Martha Loftin Wilson (née, Loftin; January 19, 1834 – June 11, 1919) was an American missionary worker and journal editor, as well as a pioneer Atlanta resident and a nurse in the American Civil War. She was regarded as "the most influential leader in the Woman's Missionary Union in Georgia". Wilson was the author of Hospital Scenes and Incidents of the War.

==Early life and education==
Martha Eleanor Loftin was born in Clarke County, Alabama, January 19, 1834. She was a Baptist from early childhood, having been baptized in 1845.
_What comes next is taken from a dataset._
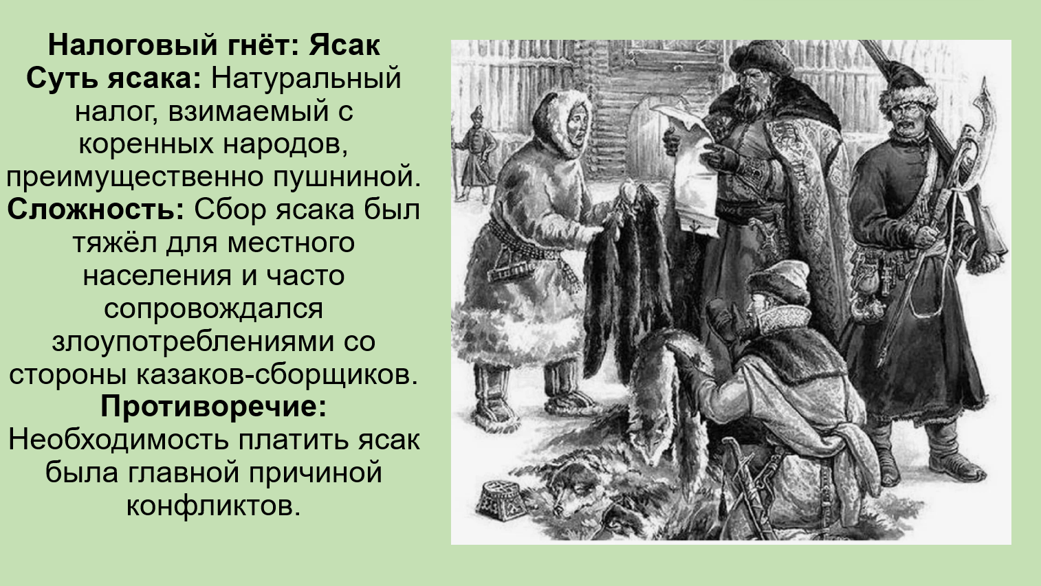 Добавить текст Озвучить Вернуть оригиналНалоговый гнёт: Основным элементом был ясак (налог пушниной), который был тяжёл для местного населения.

She was educated in the Dayton Masonic Institute in Alabama.

==Career==
On November 14, 1850, she married John Stainback Wilson, M.D. During the American Civil War, she worked in the hospitals of Richmond, Virginia, Camp Winder, and Camp Jackson, with her husband, who was a surgeon. At that time, she wrote a book, Hospital Scenes and Incidents of the War, which was in the hands of the publishers, with the provision that the proceeds should go to the sick and wounded. The manuscript was burned in the fall of Columbia, South Carolina. A part of the original manuscript was deposited in the cornerstone of the Confederate Home in Atlanta. Dr. and Mrs. Wilson were in the Battle of Jonesborough, where General William Sherman captured part of the command, and the badly wounded were sent under Dr. and Mrs. Wilson's care to Macon, Georgia, and those not injured to northern prisons.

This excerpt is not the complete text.